Your objective: Look below for the line containing "42.2*191.47*5.13mm | |" and the line containing "Puedes conseguir un"; repeat exactly those two lines and all lines between them, and nothing else.

──────── Data listing

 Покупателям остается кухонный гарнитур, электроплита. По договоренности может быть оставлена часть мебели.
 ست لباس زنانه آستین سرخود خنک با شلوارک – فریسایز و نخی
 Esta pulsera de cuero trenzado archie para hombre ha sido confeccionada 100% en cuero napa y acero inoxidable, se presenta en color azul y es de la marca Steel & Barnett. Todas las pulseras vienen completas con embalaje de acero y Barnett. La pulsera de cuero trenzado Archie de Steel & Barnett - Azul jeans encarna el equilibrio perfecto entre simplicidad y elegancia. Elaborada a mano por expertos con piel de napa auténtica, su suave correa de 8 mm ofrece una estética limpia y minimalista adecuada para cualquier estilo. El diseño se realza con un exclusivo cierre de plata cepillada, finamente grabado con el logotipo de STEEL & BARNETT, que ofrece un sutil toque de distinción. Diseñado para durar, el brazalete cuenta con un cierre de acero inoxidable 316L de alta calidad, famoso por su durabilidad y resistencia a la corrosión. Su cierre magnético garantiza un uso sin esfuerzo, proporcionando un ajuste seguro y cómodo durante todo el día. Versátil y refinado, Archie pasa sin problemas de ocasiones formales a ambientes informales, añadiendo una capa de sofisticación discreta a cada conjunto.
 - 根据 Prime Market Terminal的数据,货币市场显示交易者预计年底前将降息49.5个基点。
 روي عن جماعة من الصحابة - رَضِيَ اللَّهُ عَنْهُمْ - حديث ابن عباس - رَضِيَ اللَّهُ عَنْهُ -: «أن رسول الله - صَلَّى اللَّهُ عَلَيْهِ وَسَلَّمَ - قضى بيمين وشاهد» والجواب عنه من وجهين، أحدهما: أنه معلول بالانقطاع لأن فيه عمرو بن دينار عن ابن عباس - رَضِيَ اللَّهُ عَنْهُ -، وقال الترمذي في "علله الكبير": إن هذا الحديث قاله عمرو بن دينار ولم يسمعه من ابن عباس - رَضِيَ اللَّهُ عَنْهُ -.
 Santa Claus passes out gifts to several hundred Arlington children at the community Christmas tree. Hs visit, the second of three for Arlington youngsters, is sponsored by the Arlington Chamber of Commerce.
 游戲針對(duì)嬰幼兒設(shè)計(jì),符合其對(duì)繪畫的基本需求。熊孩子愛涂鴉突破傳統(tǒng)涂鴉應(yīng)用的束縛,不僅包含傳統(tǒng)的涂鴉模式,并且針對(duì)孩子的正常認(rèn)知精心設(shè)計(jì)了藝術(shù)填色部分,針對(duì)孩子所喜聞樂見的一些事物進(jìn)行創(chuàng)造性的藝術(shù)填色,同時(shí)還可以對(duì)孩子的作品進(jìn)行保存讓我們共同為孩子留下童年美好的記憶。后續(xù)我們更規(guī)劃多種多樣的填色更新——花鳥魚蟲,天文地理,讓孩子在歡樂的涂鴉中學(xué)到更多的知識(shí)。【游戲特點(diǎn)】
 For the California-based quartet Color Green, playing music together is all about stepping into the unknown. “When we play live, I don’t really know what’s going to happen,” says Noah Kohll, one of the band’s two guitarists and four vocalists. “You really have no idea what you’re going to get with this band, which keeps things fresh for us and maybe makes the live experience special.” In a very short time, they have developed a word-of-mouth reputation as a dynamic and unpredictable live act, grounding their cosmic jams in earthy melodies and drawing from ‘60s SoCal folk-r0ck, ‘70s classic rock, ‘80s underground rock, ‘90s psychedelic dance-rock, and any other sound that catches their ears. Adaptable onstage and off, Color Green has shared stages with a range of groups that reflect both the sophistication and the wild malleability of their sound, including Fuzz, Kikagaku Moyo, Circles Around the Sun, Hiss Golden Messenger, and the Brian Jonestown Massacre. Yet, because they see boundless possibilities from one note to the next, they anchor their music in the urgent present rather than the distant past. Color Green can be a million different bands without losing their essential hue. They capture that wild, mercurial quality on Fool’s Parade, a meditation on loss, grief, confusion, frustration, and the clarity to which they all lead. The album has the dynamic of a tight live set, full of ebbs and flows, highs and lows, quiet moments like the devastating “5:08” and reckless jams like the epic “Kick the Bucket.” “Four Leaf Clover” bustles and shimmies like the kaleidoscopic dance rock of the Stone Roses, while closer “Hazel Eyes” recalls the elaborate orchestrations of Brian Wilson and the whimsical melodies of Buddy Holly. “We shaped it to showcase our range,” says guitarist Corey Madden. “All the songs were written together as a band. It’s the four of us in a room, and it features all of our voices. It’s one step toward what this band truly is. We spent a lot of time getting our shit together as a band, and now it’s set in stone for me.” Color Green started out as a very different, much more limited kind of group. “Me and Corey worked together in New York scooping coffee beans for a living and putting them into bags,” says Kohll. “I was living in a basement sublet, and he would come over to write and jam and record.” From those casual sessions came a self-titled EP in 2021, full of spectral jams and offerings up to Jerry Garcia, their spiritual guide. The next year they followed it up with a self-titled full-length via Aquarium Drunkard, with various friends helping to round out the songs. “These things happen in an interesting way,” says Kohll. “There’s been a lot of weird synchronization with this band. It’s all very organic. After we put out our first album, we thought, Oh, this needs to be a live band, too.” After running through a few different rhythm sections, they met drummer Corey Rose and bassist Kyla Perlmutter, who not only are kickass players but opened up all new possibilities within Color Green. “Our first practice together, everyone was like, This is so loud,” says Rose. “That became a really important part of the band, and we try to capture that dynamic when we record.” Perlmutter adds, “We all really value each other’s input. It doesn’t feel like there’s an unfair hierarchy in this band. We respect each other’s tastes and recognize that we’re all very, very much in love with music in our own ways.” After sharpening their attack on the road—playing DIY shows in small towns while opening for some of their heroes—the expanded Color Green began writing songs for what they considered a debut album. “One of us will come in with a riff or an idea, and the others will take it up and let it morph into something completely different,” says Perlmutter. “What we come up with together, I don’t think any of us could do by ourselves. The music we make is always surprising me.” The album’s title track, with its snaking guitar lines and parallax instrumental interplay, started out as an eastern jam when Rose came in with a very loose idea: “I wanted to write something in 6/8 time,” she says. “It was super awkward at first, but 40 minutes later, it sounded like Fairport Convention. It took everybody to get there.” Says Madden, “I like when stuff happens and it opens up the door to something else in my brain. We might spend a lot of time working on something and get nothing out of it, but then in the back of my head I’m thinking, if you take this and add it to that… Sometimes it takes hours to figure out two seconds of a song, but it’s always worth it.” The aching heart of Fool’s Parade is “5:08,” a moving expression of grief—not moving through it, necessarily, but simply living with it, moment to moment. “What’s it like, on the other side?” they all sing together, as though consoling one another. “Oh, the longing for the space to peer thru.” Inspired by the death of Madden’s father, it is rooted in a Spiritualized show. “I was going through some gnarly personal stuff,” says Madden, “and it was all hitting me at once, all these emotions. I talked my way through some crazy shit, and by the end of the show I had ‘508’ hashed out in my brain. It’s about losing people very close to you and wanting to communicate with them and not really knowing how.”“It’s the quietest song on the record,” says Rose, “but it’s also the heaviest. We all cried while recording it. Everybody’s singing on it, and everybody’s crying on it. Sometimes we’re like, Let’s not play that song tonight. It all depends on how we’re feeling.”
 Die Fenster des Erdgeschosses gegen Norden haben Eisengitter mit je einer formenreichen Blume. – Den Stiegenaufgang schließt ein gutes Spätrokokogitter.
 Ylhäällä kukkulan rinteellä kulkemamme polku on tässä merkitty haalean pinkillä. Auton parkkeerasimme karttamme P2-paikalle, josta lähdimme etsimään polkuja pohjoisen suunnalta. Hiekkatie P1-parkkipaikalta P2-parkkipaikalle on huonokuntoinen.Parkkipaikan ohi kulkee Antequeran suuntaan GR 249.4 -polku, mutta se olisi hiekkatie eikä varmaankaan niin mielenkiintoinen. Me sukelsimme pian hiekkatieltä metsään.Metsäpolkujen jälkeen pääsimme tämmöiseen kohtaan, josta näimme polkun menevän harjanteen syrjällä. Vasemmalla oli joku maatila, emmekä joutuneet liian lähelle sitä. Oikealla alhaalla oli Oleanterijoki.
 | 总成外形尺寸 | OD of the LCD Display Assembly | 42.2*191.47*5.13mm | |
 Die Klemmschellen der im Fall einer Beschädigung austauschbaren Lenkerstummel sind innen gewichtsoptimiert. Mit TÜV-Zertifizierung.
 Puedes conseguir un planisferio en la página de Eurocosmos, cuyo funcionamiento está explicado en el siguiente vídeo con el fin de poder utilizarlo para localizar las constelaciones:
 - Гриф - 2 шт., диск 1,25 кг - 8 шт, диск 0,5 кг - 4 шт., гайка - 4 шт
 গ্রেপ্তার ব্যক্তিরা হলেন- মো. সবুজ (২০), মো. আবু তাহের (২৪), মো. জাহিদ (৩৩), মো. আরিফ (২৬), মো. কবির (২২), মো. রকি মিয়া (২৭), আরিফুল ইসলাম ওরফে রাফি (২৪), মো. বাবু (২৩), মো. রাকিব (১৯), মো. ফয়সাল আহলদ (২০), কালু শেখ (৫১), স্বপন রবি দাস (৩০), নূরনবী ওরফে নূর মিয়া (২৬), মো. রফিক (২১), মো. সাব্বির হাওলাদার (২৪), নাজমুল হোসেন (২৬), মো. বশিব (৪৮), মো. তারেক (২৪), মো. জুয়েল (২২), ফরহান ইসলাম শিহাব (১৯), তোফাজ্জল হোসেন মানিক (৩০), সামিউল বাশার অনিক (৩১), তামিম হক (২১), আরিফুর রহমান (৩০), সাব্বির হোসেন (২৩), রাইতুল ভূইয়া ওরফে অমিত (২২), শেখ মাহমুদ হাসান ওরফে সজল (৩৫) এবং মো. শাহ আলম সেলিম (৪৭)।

────────────────

Your response:
 | 总成外形尺寸 | OD of the LCD Display Assembly | 42.2*191.47*5.13mm | |
 Die Klemmschellen der im Fall einer Beschädigung austauschbaren Lenkerstummel sind innen gewichtsoptimiert. Mit TÜV-Zertifizierung.
 Puedes conseguir un planisferio en la página de Eurocosmos, cuyo funcionamiento está explicado en el siguiente vídeo con el fin de poder utilizarlo para localizar las constelaciones:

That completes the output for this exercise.